§ **Task objective**
Once the pictures are removed, restate the listing word for word.

§ **Data section**
____________

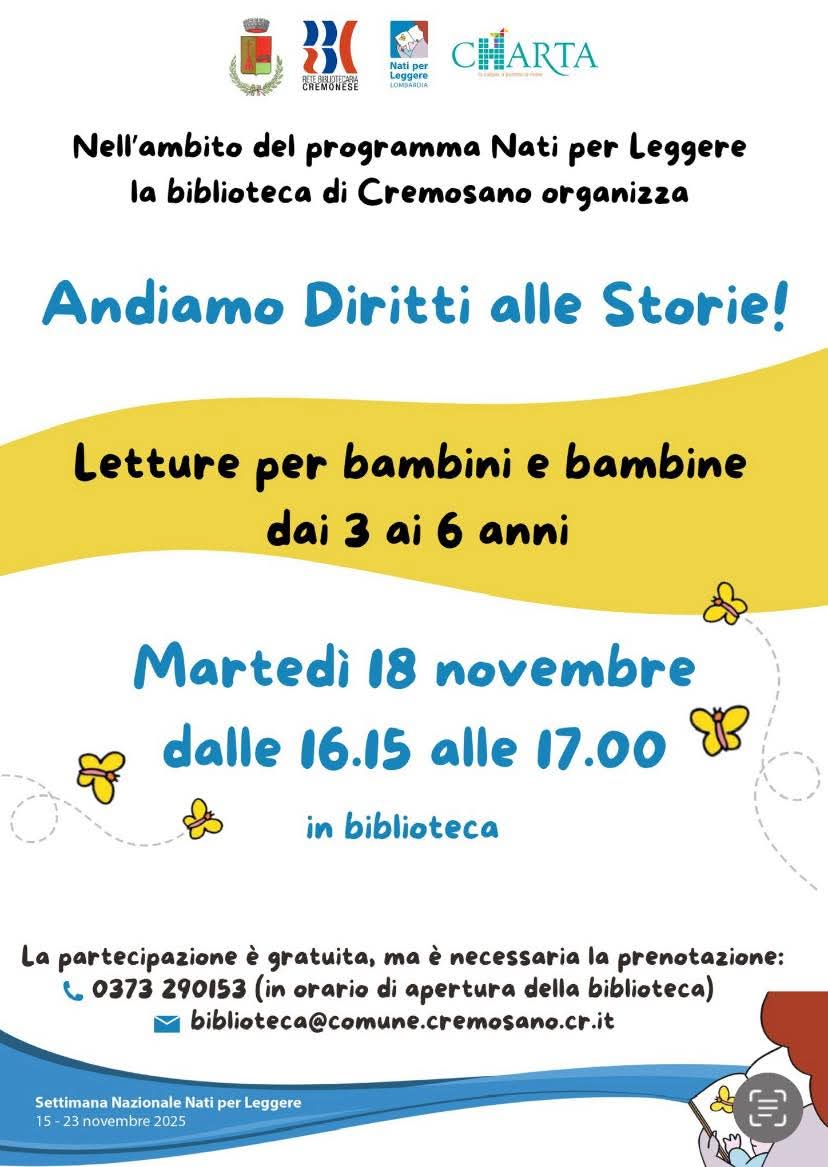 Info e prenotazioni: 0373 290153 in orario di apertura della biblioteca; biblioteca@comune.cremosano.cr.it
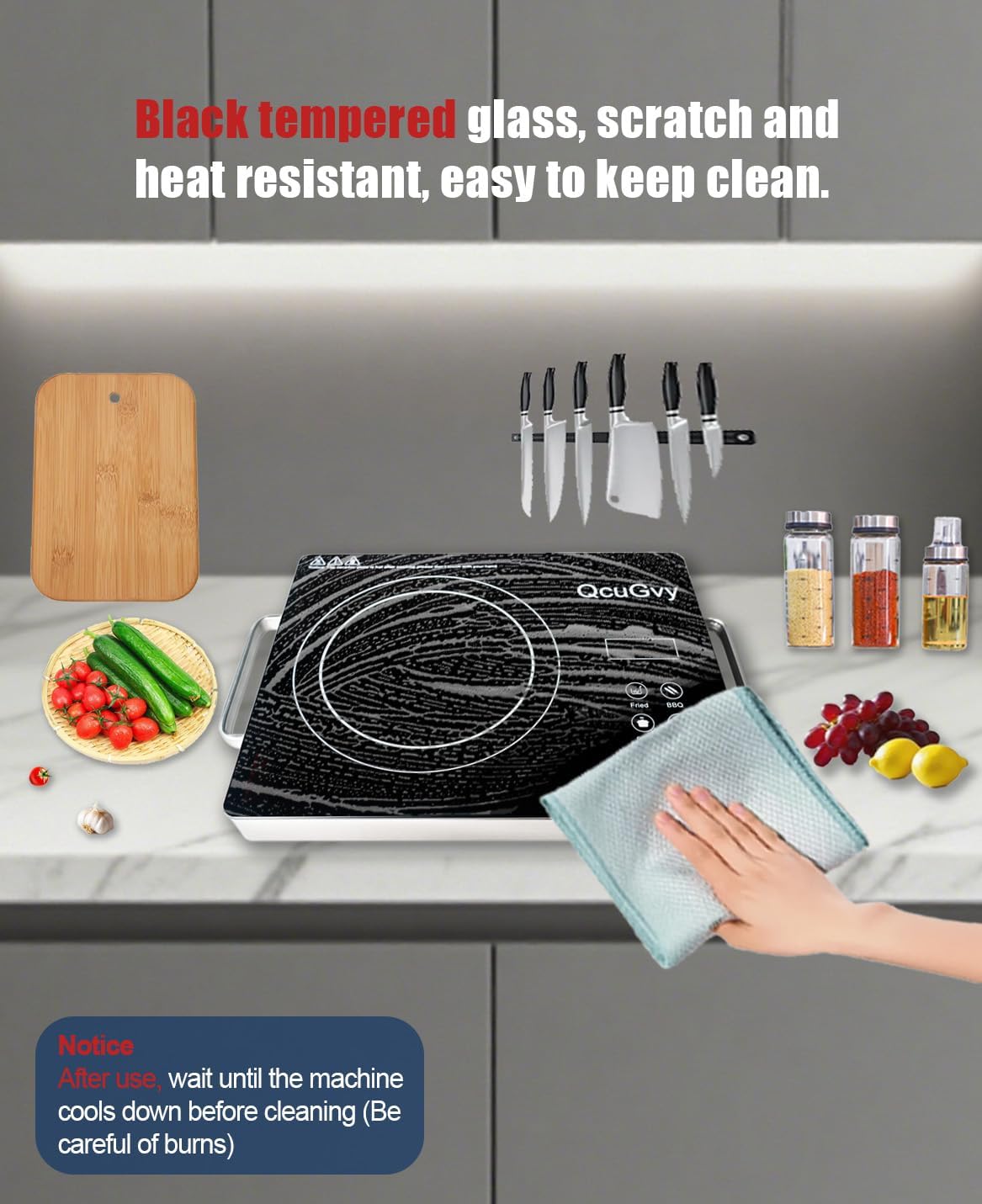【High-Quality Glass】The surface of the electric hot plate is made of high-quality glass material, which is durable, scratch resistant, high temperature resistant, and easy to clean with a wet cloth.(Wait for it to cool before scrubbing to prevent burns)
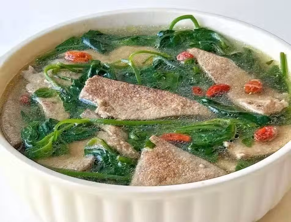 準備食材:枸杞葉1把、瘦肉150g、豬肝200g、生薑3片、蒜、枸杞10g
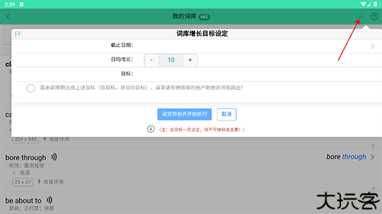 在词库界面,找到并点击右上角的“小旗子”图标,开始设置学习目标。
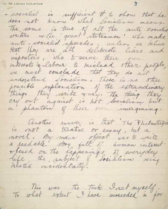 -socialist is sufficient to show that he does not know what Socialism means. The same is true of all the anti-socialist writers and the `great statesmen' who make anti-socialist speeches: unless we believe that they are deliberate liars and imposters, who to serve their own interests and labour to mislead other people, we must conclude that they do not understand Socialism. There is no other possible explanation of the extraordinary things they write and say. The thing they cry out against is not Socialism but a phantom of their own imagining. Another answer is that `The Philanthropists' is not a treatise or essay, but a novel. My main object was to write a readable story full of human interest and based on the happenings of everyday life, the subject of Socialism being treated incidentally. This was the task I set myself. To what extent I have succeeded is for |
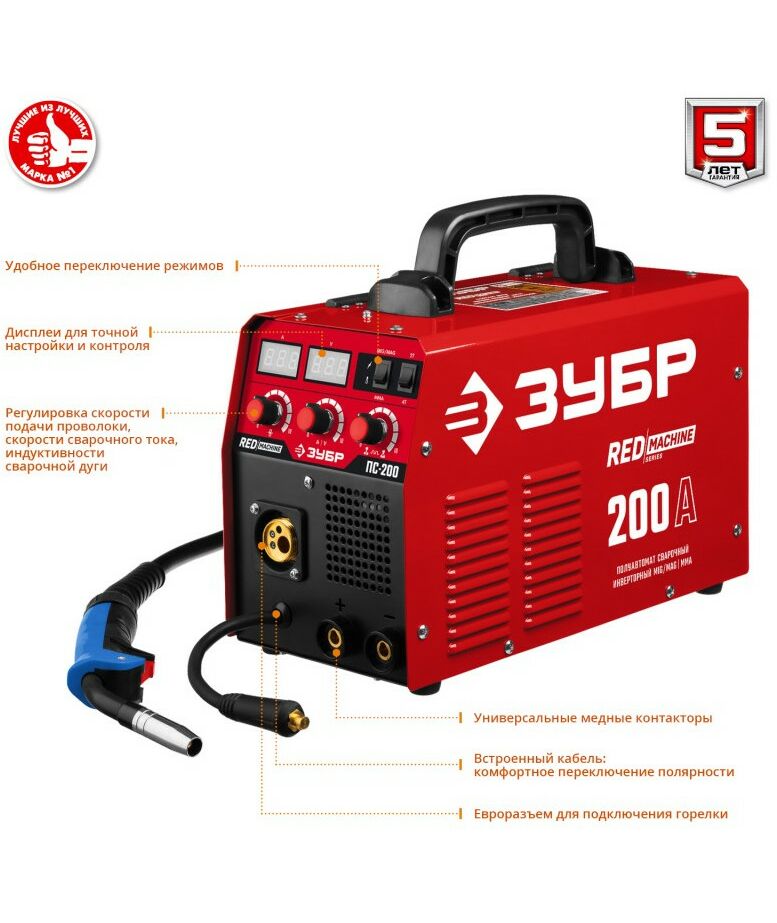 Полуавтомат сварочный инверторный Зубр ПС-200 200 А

____________

§ **Written answer**
 Info e prenotazioni: 0373 290153 in orario di apertura della biblioteca; biblioteca@comune.cremosano.cr.it
【High-Quality Glass】The surface of the electric hot plate is made of high-quality glass material, which is durable, scratch resistant, high temperature resistant, and easy to clean with a wet cloth.(Wait for it to cool before scrubbing to prevent burns)
 準備食材:枸杞葉1把、瘦肉150g、豬肝200g、生薑3片、蒜、枸杞10g
 在词库界面,找到并点击右上角的“小旗子”图标,开始设置学习目标。
 -socialist is sufficient to show that he does not know what Socialism means. The same is true of all the anti-socialist writers and the `great statesmen' who make anti-socialist speeches: unless we believe that they are deliberate liars and imposters, who to serve their own interests and labour to mislead other people, we must conclude that they do not understand Socialism. There is no other possible explanation of the extraordinary things they write and say. The thing they cry out against is not Socialism but a phantom of their own imagining. Another answer is that `The Philanthropists' is not a treatise or essay, but a novel. My main object was to write a readable story full of human interest and based on the happenings of everyday life, the subject of Socialism being treated incidentally. This was the task I set myself. To what extent I have succeeded is for |
 Полуавтомат сварочный инверторный Зубр ПС-200 200 А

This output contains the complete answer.